I have done a few articles on Fairy Tales and still profess that they are the precursors of horror. These stories, though fanciful, are dark, brooding, didactic, and often gory or disturbing. The real tragedy is that so many of the greatest fairy tales are unknown because Disney hasn’t watered them down yet; however, I feel that those ones are the best ones because there really isn’t a natural way to water them down.
All-Kinds-of-Fur (Allerleiruh) is one of those fairy tales that isn’t gory or anything, but it is a great story that leaves a very uncomfortable feeling I the pit of the reader’s stomach…and isn’t that what we all crave?
The tale starts off with the death of a queen who was the most beautiful woman in all the land. On her death bed, she told her husband that he could marry again, but “if thou wishest to marry again after my death, take no one who is not quite as beautiful as I am.” After that pompous and handcuffing last wish, she died.
Well that king was obviously distraught at the loss of his wife, but the kingdom needed a queen. So he searched and searched and searched for a woman as beautiful as the late queen, but had no luck.
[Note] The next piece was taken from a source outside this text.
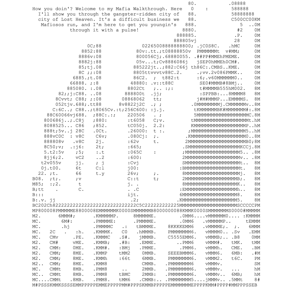 In which we rediscover the overlooked trend of ASCII art hidden inside fan-made video game guides from decades ago, created at a time when just including screenshots was not an option in the era of dial-up connections.
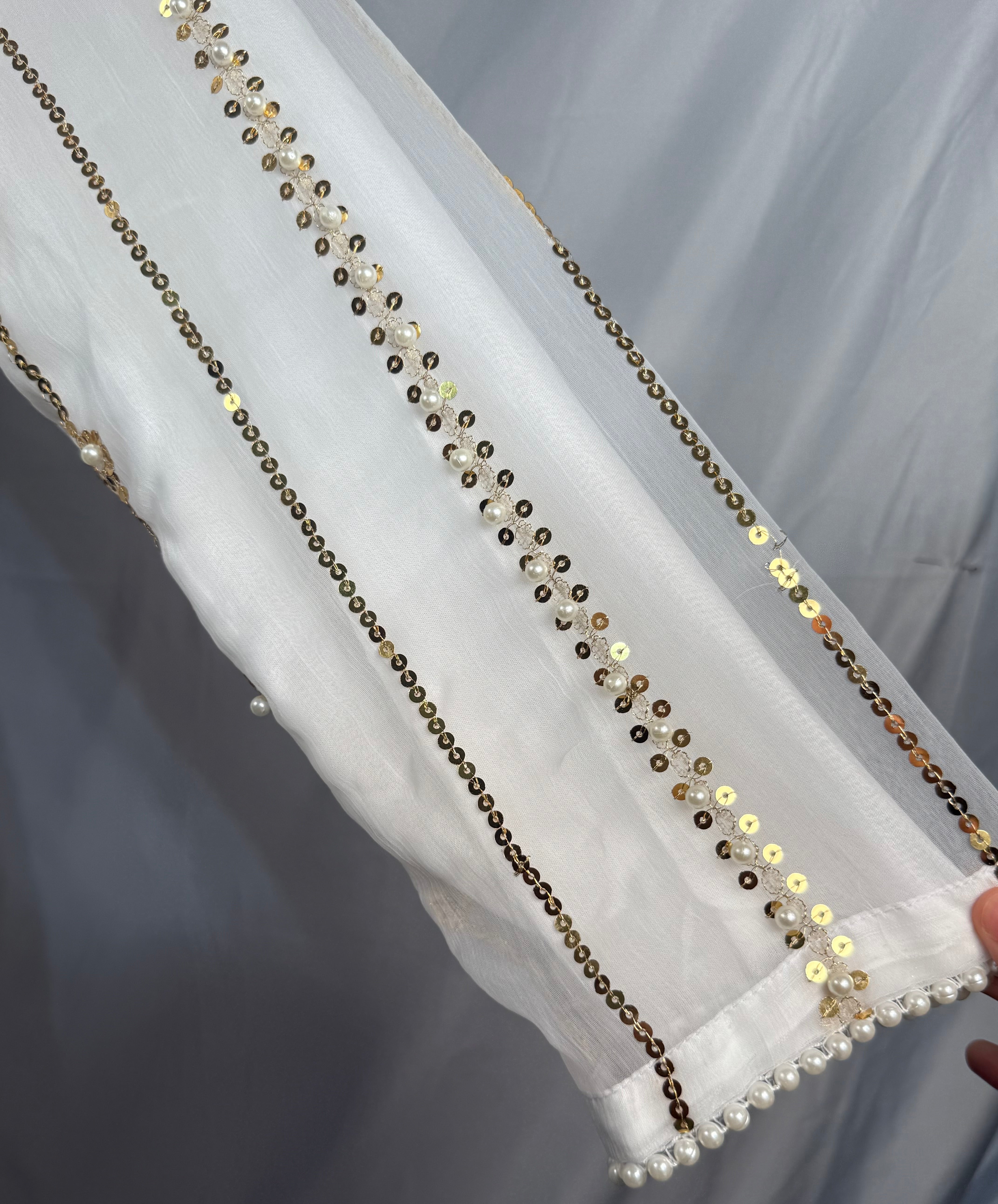 Looking for a show-stopping party suit? Then check out Nadia K from Areeba's Couture. This 3-piece suit is made from chiffon shirt, Sutton fabric Garara and dupatta and is adorned with beautiful embroidery and beads work. It's the perfect party wear for making a grand entrance and turning heads. So don't hesitate, add this party suit to your cart and get ready to be the life of the party. Crafted from high-quality materials, it ensures long-lasting durability and exceptional comfort for everyday wear.

He even sent scouts out to search the lands around the kingdom…no luck. Here comes the worms in the stomach feeling. Before dying, the queen had given birth to a daughter. As she grew, the king realized how much she looked like her mother…”quite as beautiful,” in fact. The king told his golden-haired daughter that she would be his new queen. Obviously she wasn’t; a fan of this and thought of a way to trick her dad. She said that she would marry him, but needed three dresses, one “as golden as the sun, one as silvery as the moon, and one as bright as the stars.” Additionally, she requested a coat made of a thousand different furs joined together, furs of every animal in the land. If she got those seemingly impossible things, she agreed to marry the king…yup, her dad.
The king proved to be far more resourceful than his daughter assumed and provided her with everything she had requested. The princess decides that her only course of action would be to run away. She took her three dresses, wrapped herself in the fur coat, escaped into the night, covered herself in soot and ash and found a hollow tree in the nearby forest.
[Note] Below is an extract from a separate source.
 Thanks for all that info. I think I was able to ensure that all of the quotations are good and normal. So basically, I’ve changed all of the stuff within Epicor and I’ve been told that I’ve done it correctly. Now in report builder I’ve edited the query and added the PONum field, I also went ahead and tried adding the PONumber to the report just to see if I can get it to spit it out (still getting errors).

The next morning hunters (including the king) found her, but thought she was a wild animal due to the furs. When the king finally realized that she was human, he still didn’t recognize her because of the soot and ash covering her face. She claimed to be an orphan named Allerlairauh and was taken to the castle to work as a servant in the kitchen
I love the themes and troupes in these fairy tales. The number three comes up in almost every tale, this one is no different. A large feast happened in the castle and the disguised princess requested to go up, sit outside the door and listen to the party. The head of the kitchen allowed the hairy servant to go. Here is where the three-theme comes into play. The princes, before going to the feast, washes her face and puts on her gold dress, danced with her father and then ran off back into her disguise before the night was over. She then placed a royal ring into her father’s soup before it was brought upstairs. The king came rushing down to the kitchen to hunt for her when he found the ring, but only found the cook and Allerlairauh. The next feast, she wore the silver dress and the same situation.
The third time, in the dress that shone like stars, the king carefully slipped a little ring onto his daughter’s finger without her knowing. The king found another token in his soup and came hunting a third time. This time he saw the golden ring on Allerlairauh’s finger, ripped of the fur coat to reveal his daughter and announced “thou art my dear bride, and we will never more part from each other.” A short time later the king married his daughter who was equally as beautiful as her mother.
Okay, not a terrifying tale of terror, but still a very disturbing tale that shows how pioneering the Brothers Grimm truly were as the godfathers of horror.